- Data shown:
[Start of section]

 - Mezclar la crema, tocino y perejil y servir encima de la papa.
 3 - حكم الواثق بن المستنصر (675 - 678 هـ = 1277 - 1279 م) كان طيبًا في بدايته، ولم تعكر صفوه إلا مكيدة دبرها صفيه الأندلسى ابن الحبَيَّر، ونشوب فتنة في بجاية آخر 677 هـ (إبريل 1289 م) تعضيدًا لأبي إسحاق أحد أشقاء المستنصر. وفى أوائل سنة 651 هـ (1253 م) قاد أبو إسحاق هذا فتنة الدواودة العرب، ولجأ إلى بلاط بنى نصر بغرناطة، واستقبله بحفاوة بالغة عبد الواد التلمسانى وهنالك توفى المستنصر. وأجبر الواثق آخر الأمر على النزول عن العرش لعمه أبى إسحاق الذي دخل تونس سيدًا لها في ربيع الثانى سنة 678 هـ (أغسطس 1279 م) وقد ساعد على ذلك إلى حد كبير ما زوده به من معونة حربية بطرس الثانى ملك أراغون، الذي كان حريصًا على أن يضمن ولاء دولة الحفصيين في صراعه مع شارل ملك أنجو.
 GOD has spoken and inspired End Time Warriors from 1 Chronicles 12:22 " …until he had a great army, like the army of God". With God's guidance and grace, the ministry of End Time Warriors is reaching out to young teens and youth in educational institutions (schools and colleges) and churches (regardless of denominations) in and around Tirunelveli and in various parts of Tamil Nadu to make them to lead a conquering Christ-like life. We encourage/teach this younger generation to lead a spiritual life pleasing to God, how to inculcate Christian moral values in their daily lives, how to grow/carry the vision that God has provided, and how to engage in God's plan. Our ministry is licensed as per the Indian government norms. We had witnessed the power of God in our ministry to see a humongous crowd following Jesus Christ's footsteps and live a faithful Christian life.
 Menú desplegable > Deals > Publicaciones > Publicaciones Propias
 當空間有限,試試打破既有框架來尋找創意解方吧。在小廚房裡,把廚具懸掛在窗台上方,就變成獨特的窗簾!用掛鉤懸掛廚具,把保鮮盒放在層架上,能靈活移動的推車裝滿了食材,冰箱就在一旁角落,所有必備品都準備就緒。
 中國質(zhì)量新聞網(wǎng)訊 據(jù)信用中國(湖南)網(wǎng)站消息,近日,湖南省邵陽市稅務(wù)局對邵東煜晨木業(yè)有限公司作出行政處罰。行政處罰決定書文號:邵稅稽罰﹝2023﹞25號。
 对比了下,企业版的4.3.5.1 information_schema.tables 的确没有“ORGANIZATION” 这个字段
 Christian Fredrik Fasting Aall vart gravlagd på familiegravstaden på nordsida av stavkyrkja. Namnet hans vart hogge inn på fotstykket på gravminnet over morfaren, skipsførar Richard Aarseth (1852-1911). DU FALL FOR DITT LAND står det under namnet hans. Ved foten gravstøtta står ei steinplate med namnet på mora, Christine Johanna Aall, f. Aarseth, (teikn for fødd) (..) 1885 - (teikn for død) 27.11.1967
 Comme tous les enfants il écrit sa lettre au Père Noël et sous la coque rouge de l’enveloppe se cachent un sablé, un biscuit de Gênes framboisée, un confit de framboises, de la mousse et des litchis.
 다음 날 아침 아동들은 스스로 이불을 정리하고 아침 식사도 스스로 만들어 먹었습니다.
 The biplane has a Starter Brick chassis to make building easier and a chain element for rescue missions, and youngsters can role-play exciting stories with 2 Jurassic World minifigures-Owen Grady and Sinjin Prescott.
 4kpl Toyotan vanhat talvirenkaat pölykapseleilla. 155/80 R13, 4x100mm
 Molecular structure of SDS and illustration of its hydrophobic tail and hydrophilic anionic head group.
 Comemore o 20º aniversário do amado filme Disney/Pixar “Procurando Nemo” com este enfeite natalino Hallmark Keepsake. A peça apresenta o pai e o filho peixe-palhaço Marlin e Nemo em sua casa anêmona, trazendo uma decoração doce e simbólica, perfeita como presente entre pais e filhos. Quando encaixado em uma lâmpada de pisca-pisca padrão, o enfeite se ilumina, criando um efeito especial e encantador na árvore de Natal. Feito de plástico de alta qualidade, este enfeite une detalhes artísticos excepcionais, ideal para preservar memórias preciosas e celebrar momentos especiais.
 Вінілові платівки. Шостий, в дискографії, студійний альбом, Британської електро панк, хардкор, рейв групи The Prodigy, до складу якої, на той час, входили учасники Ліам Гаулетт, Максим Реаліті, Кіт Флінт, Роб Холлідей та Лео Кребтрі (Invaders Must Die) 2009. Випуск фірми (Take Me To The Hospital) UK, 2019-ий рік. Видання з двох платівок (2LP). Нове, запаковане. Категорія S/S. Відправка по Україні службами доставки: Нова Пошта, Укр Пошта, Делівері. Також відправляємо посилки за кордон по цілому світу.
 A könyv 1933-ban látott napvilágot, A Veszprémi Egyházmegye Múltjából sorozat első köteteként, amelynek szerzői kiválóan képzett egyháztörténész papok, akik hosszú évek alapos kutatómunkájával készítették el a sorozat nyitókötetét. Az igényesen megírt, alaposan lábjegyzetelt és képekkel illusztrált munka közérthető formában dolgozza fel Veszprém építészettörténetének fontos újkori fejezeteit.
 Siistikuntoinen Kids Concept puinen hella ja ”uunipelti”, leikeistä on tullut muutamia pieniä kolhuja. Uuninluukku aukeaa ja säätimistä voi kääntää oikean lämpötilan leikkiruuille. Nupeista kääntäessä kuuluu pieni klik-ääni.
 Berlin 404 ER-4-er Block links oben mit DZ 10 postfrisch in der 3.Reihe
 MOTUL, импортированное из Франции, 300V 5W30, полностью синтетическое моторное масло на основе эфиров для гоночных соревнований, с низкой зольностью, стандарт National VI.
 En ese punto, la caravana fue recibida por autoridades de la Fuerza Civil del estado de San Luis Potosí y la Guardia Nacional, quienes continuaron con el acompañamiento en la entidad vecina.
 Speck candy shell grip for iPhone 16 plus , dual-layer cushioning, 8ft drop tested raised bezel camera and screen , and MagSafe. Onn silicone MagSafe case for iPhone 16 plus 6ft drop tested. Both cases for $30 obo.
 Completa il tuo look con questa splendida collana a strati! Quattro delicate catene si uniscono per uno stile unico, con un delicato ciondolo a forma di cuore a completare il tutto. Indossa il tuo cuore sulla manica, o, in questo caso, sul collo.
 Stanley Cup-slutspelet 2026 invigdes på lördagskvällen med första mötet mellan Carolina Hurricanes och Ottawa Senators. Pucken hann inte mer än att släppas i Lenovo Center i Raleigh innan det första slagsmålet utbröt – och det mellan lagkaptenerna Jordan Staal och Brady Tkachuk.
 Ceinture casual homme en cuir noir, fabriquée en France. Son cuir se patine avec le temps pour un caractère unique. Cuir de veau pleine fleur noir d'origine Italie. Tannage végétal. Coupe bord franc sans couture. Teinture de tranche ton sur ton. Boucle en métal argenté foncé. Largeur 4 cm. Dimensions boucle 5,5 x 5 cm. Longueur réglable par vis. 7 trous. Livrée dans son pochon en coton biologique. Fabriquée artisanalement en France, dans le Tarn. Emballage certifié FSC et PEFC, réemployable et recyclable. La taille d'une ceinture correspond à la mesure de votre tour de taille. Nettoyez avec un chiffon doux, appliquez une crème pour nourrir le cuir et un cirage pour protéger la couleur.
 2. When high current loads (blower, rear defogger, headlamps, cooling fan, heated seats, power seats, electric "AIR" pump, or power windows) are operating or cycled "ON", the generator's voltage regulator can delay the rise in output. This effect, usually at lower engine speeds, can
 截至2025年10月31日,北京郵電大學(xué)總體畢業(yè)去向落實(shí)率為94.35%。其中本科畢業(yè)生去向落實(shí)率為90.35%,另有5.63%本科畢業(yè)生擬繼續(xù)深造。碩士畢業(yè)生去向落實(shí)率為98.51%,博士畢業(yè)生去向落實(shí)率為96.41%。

[End of section]

- About this exercise: Give back exactly the lines of the listing above that run from the line with "En ese punto, la" to the line with "Speck candy shell", inclusive.

- Answer section:
 En ese punto, la caravana fue recibida por autoridades de la Fuerza Civil del estado de San Luis Potosí y la Guardia Nacional, quienes continuaron con el acompañamiento en la entidad vecina.
 Speck candy shell grip for iPhone 16 plus , dual-layer cushioning, 8ft drop tested raised bezel camera and screen , and MagSafe. Onn silicone MagSafe case for iPhone 16 plus 6ft drop tested. Both cases for $30 obo.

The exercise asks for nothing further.